Database
1st September 1984
Categories: Review: Software
Author: Douglas Strathdee
Publisher: Microsparc
Machine: Apple II
Published in Apple User Volume 4 Number 9
Hallowe'en
We've all heard of "Double, double toil and trouble, fire burn and cauldron bubble", and indeed what has been cooked up for you here is certainly very nasty.
After removing the pumpkin-coloured disc (well, it makes a change) from its sleeve you push on to find the idea behind Hallowe'en is really quite simple.
It's ladies' night and they have gone out on their broomsticks leaving you to clean up the haunted house. Household chores are not very pleasant, but usually don't present much of a problem you may think. Prepare for a surprise.

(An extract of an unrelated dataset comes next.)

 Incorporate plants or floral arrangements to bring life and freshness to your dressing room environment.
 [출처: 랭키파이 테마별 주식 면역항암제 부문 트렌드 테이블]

You must rid the house of a vicious lot of killer pumpkins, bouncing skulls, venomous spiders and chilling choppers.
Worse is yet to come. You find out that they are trying to rid the house of you!

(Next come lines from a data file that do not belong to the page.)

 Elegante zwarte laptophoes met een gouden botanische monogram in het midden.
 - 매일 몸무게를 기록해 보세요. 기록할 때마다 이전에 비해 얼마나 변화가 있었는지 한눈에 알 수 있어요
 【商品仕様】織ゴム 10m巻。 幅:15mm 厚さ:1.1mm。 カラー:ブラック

You start, a lowly wizard, at the bottom of a five-floor screen with only a wand for protection. Movement between the floors is made possible by an assortment of ladders. Your aim is to kill all the skulls and pumpkins on the screen before moving on to the next one.
To kill them, you must first zap a hole in the ground with your wand, pulled mysteriously from the depths of your robe, and when a nasty falls into the hole you zap it until it falls to its death on the next floor.
Although it is not necessary to kill your enemies - except, that is, the pumpkins and skulls - doing so adds a fair amount to your survival score, as the authors call it.
There is a time limit on every screen and, if you reach it, you lose a man. You also lose a man when you run into one of the enemies.
After every third screen comes a challenging stage. this time you find letters moving around, and you try to zap them in the correct order to spell a word.
If you manage this - and it is not easy! - you collect a large bonus and you get onto a different challenging stage after the next three screens.
If you don't get all the letters in time, or if some of them disappear when you run into them, you must do the same challenging stage the next time. You don't lose a man if the time runs out on a challenging stage.
Altogether there are ten different stages with increasingly difficult combinations of enemies to defeat. Once you have completed the last stage, it is repeated until you lose all your men.
Hallowe'en takes a lot of getting into, especially the set-up option. This allows you to change a whole range of game parameters (number of enemies, type of enemies, length of time for screen, etc). It takes a lot of experimentation to work out what all the parameters change, as the instructions provided are minimal. When using the set-up option on my copy, the game just stopped!
Luckily there is a restore set-up function which sets all the parameters for you, but this also clears the high scores.
The controls take a bit of getting used to, as the paddle button is used for jumping, zapping and climbing ladders. The instructions say the game can be played with either paddle or joystick, but it is impossible to use the joystick for the two-player game as both players are on the screen at once, each using one paddle.
A tremendous element of luck is brought in by the random placing of the figures on the screen, mainly on the higher stages. Screens can move from the relatively easy to the almost impossible depending on this.
Hallowe'en is the first 64K game I have seen and it does seem to have a bit more going for it than the usual arcade game.
However, it did get very frustrating when it was impossible to go on, and it would surely have been more enjoyable had the set-up option worked.